Published online by Cambridge University Press: 01 July 2010
As we all know, in Freddie Ayer's famous book Language, Truth and Logic metaphysics received short shrift. Metaphysical assertions were dismissed as being all nonsensical {LTL, 2nd edn, 41). In the work in question Ayer clearly tended to equate metaphysics with what Professor W. H. Walsh was to describe as ‘transcendent’ (as distinct from ‘immanent’) metaphysics (Walsh, 1963). This tendency is also discernible, I think, in the 1949 debate between Ayer and myself on logical positivism. After all, my defence of metaphysics was largely prompted and certainly strengthened by what I believed to be the religious relevance of metaphysical philosophy. A lot of what Aristotle would have described as ‘first philosophy’ and what some later philosophers would have classified as ‘ontology’ Ayer would have called ‘philosophical analysis’. What he was primarily concerned with undermining was any claim by metaphysicians to be able to extend our knowledge of what exists, of the Absolute or God for example, by metaphysical arguments.

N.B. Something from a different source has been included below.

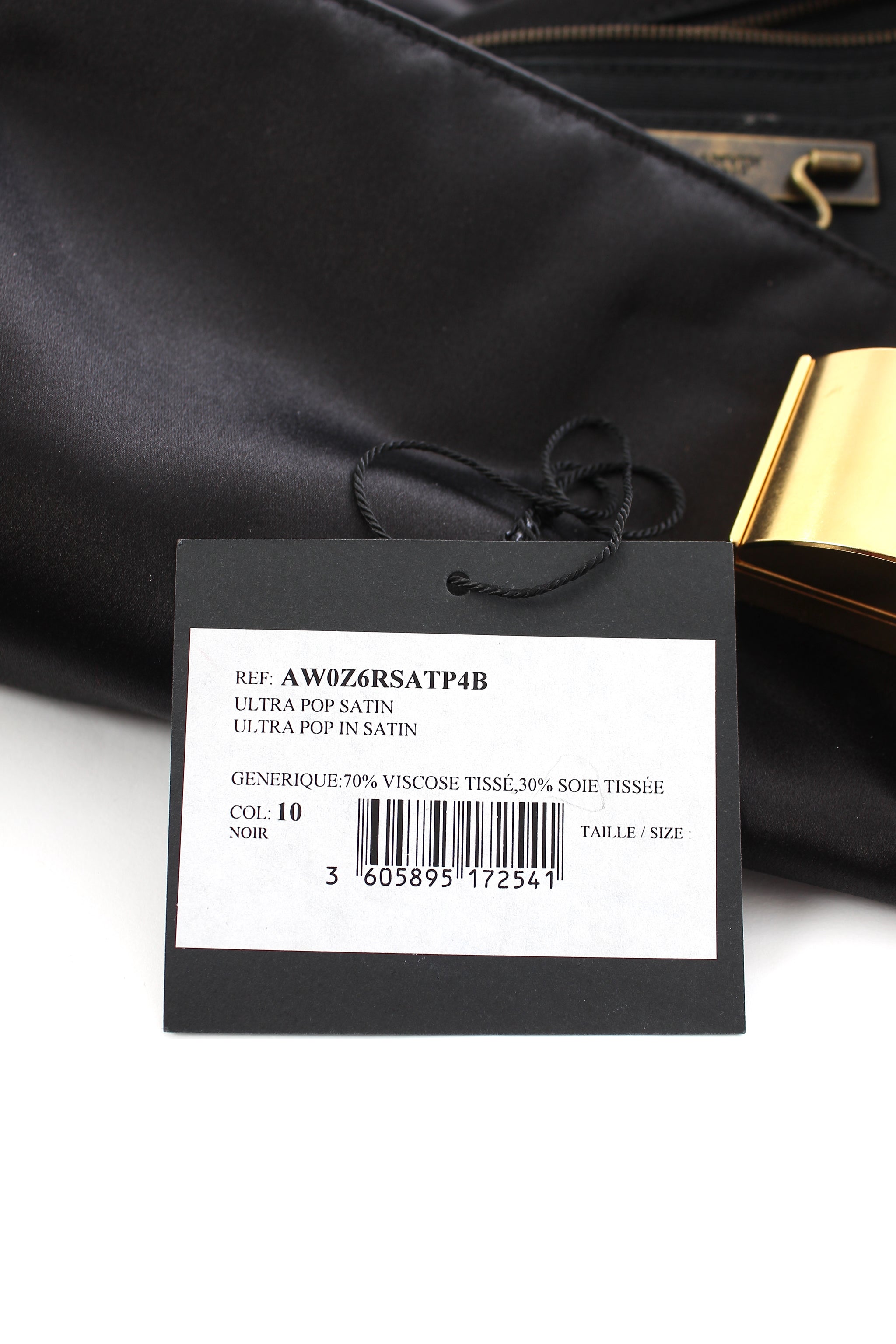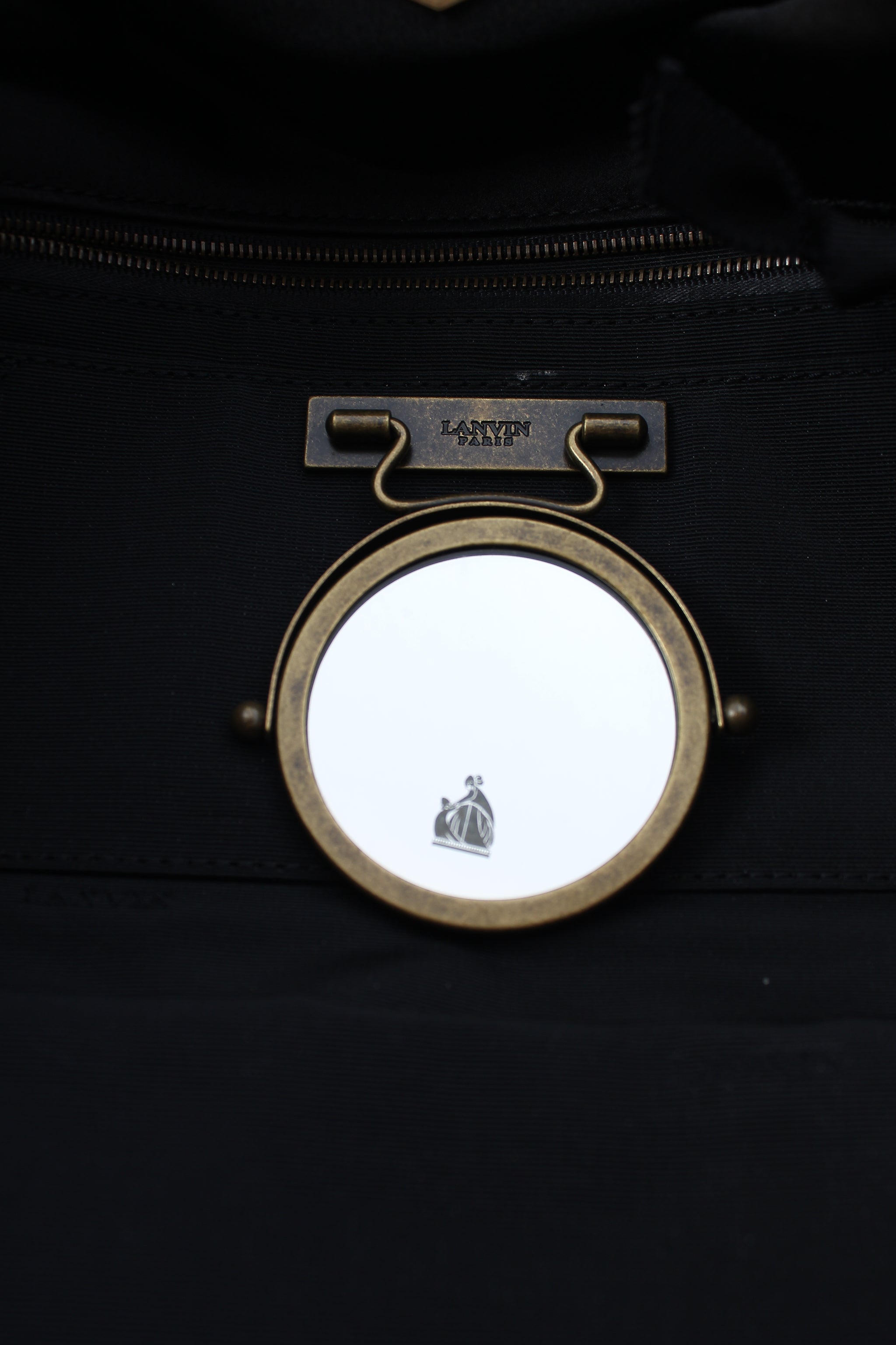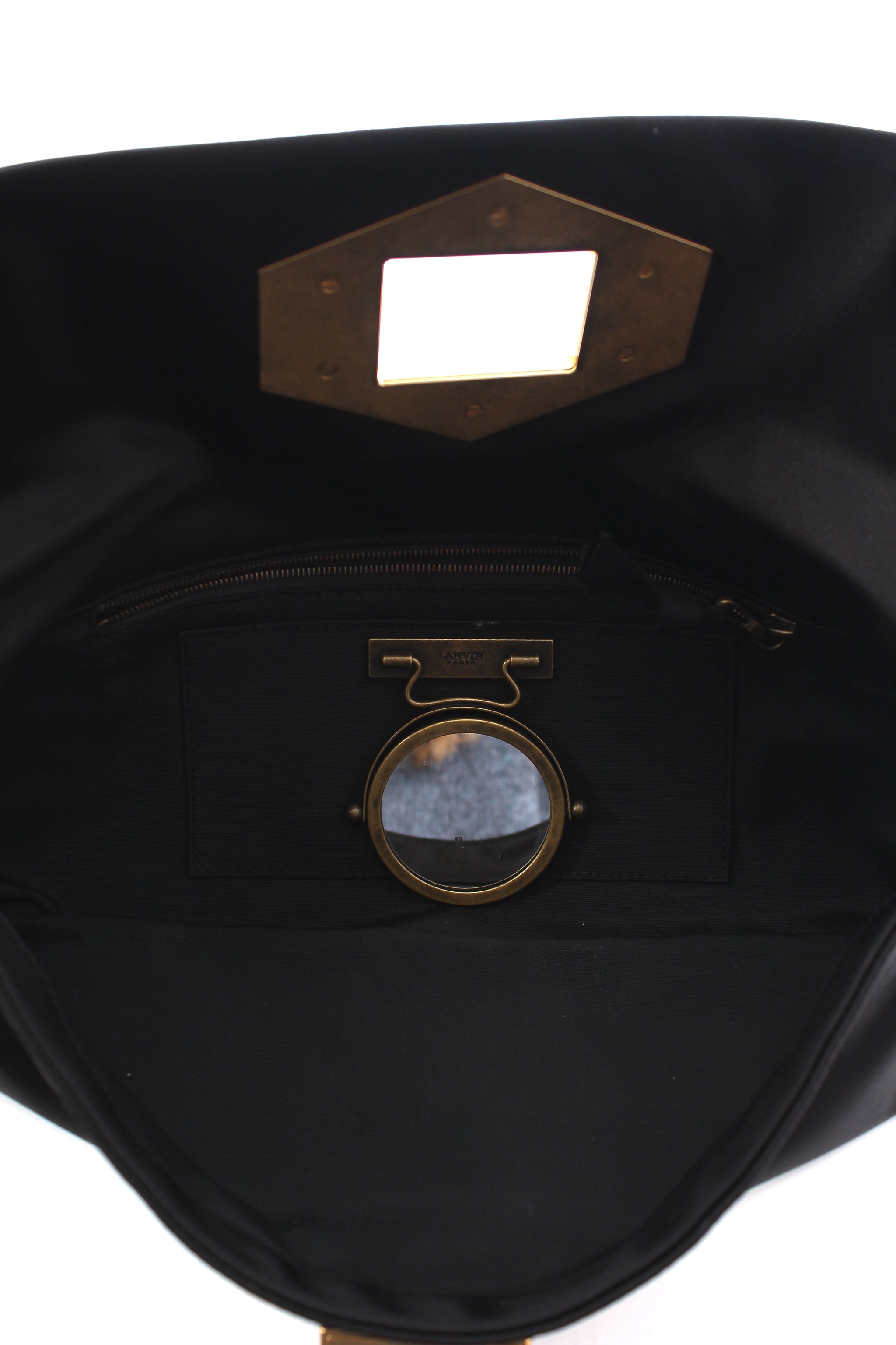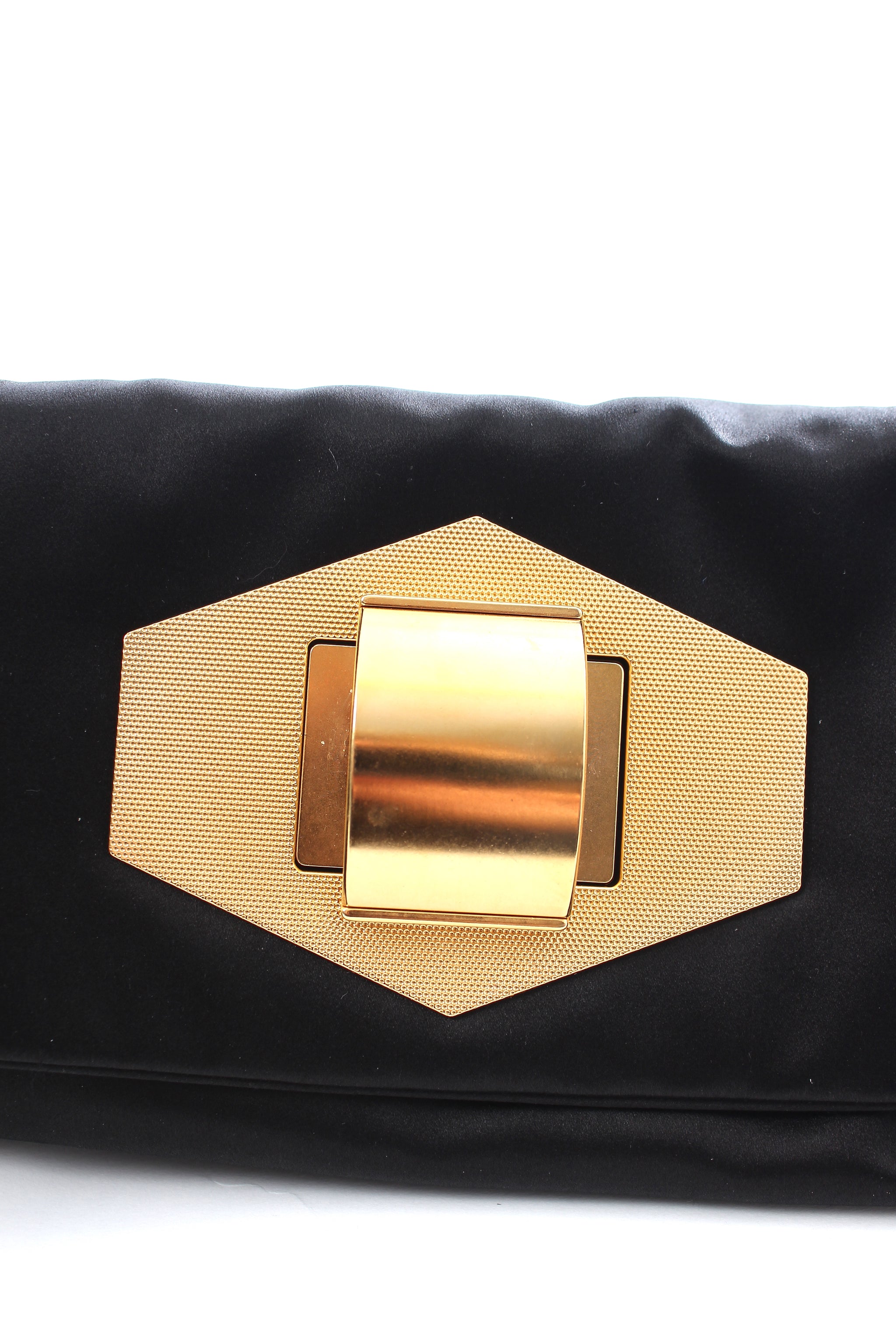 Lanvin satin evening clutch bag with foldover design and statement gold-tone lock fastening. Vanity mirror attached inside. Zippered pocket. Dust bag not included. Measures: 14.5 inches W x 6.5 inches H

Ayer continued to believe that a claim to possess factual knowledge about reality should not be seriously entertained unless it was possible to mention some observation statement or statements which would be relevant to showing whether the claim was or was not justified. He never renounced an empiricist approach to philosophy. At the same time he came to abandon his initial wholesale condemnation of metaphysics as so much unintelligible nonsense in favour of a more discriminating attitude. I do not think that he was ever much interested in metaphysics. It remained on the periphery of his interests. His change of attitude was doubtless largely due to reflection on what had been said by colleagues whom he respected.